If Mr Blair were still confident of the rightness of his decision, he could claim that the Battle of Amarah over the last few days proved this newspaper wrong. He could say that the fighting shows that not all the violence in Iraq is caused by the presence of foreign troops. In Amarah it was prompted by their absence, by the withdrawal of British forces in August. The trouble is that this would also mean contradicting General Sir Richard Dannatt, the Chief of the General Staff, who said that the British presence "exacerbates" the security situation. And it would, therefore, require Mr Blair to contradict himself, as he was forced, humiliatingly, to say that he agreed with "every word" that the general had said.

The larger truth, of course, is that the Battle of Amarah is a ghastly illustration of the depths of the bloody crisis into which the US-British intervention has plunged Iraq. If British soldiers stay in Amarah, they are a target for "resistance". If they pull out, the militias aligned with different Shia factions fight for control. As we argued last week, the south of Iraq is at the point where the bloodshed of our staying is roughly the same as that of going. Neither course is ideal; both courses are a vivid confirmation of the folly of invading Iraq in the first place.

This newspaper argued against the invasion three years ago, partly on the grounds that it was disastrous to go in without a credible plan for getting out again. No such plan existed, and it still does not. Meanwhile, the Bush administration is paralysed by the mid-term elections next month. And the Blair government is paralysed by not knowing in which direction the US is heading.

Yet the brazenness of Mr Bush and Mr Blair knows few bounds. The President has assembled his generals this weekend in order to give the impression before Americans go to the polls that there might be a third way between "stay the course" and "cut and run", as James Baker, the Bush family troubleshooter, hinted.
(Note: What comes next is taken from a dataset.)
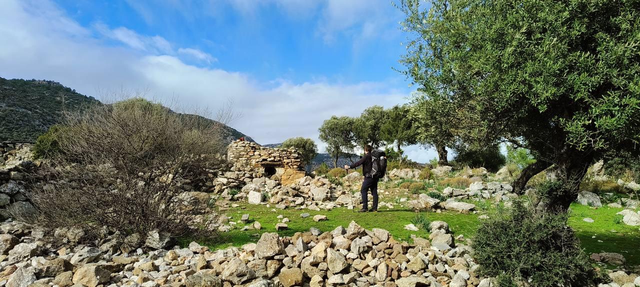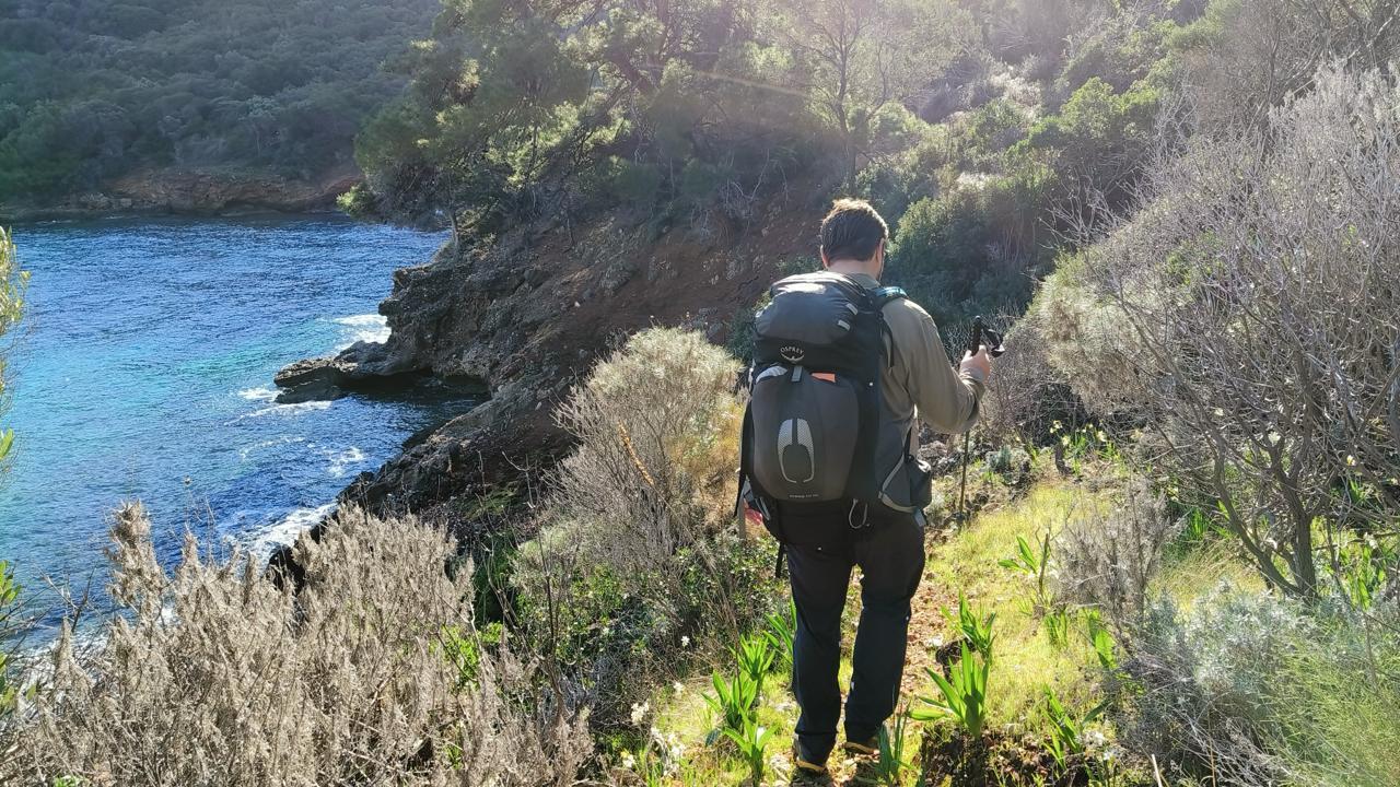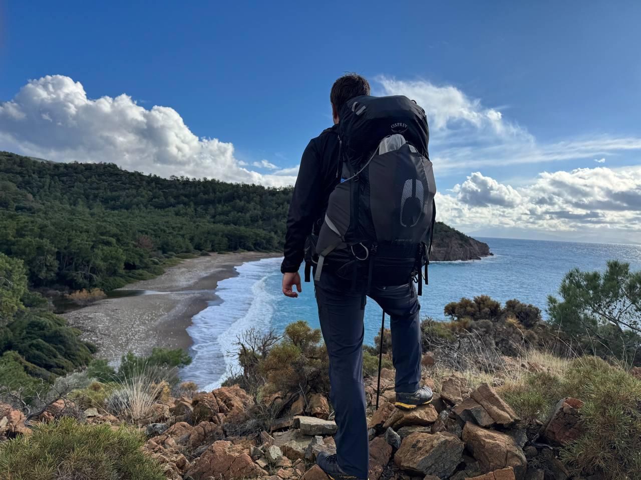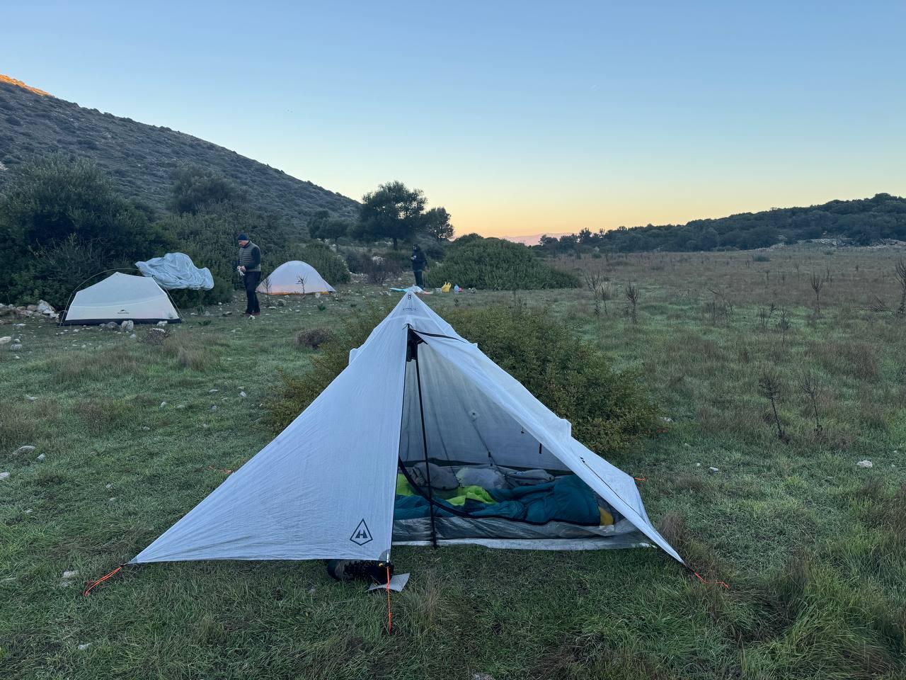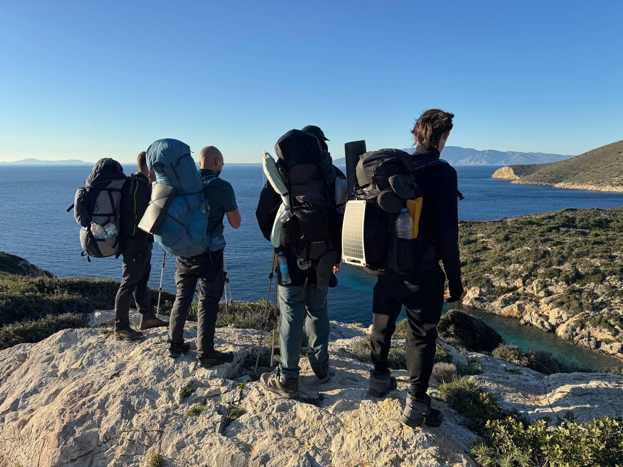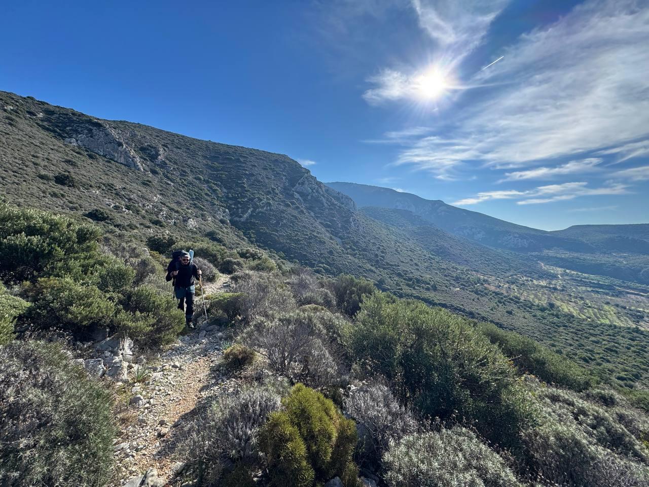 План был заночевать на пляже прямо за Книдосом, но не нашли спуска и пошли еще полтора км до плато где и заночевали, прошли около 19 км.

Meanwhile Mr Blair deploys all his verbal dexterity to re-interpret Sir Richard's words in a way that makes them compatible with his own. This exercise in semantics cannot forever bridge the gap between staying in and pulling out. Last week Mr Blair said that he, and Sir Richard, want to "get the job done as soon as possible". But getting the job done - whatever that might once have meant - looks like becoming harder to achieve over time.

As Saul David observes on page 30, the lesson of history is that withdrawal is inevitable and that, beyond a certain point, staying in a situation like Iraq for domestic political reasons only makes matters progressively worse. The British forces in southern Iraq are at or near that point now. They should pull out within 12 months, and the Americans will follow in due course - when Mr Bush's successor is elected, if not sooner. Mr Bush and Mr Blair know that their strategy in Iraq is not working, and they are clearly in the early stages of preparing people for disengagement along the lines of one of the oldest devices of military history: to declare victory and leave.

Get ready for a whole new lexicon of weasel words - drawdown, redeployment, or, as Mr Bush said last week, "our tactics are adjusting" - to describe the miserable reality of mistake, retreat and shame.